The sun is one of the most powerful physical object known to man. Think about it: it's massive, over 100 times the size of the earth. It's so bright that it can blind you. It emits such intense radiation that it can burn you. Light, the fastest moving thing in the entire universe, takes minutes to travel from the sun to the earth. Pretty powerful for being a staggering 92.96 million miles away.

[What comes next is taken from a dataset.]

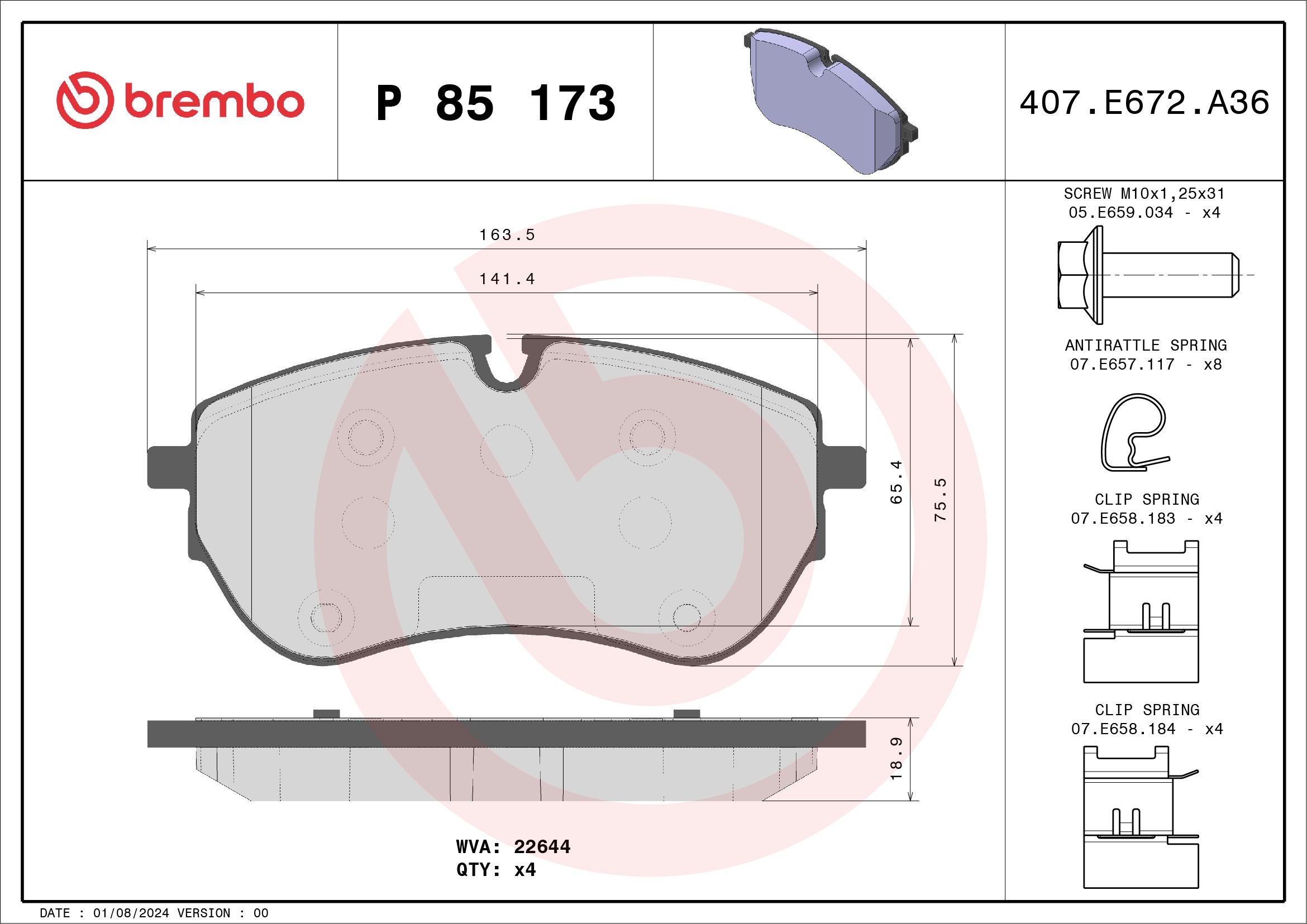 BREMBO P85173 | Ön Fren Balatası. Amarok 17 > 3,0 TDI

The sun is also the ultimate power source. It powers nearly all life on earth. The only exceptions are a handful of remote deep-sea vent and cold seep ecosystems. It is the base of the food chain, the ultimate source of the energy that all life needs to survive and to function.
So it makes a lot of sense that the sun is also a very important source of renewable energy for our homes.
There's a Better Way Than Fossil Fuels
During the second half of the 20th century, it became increasingly evident that our historical reliance on fossil fuels was not sustainable.
Fossil fuels, like coal and petroleum, form only under very specific geological conditions, and the supply is finite. Burning fossil fuels generates greenhouse gases and pollutes the air. Heading into the 21st century it's become obvious that we need an alternative to fossil fuels.
And what better source of energy than the sun, that powerful star that sustains our very existence? In recent years, new developments have decreased the cost of solar energy significantly, while improving the efficiency of solar panels and solar cells.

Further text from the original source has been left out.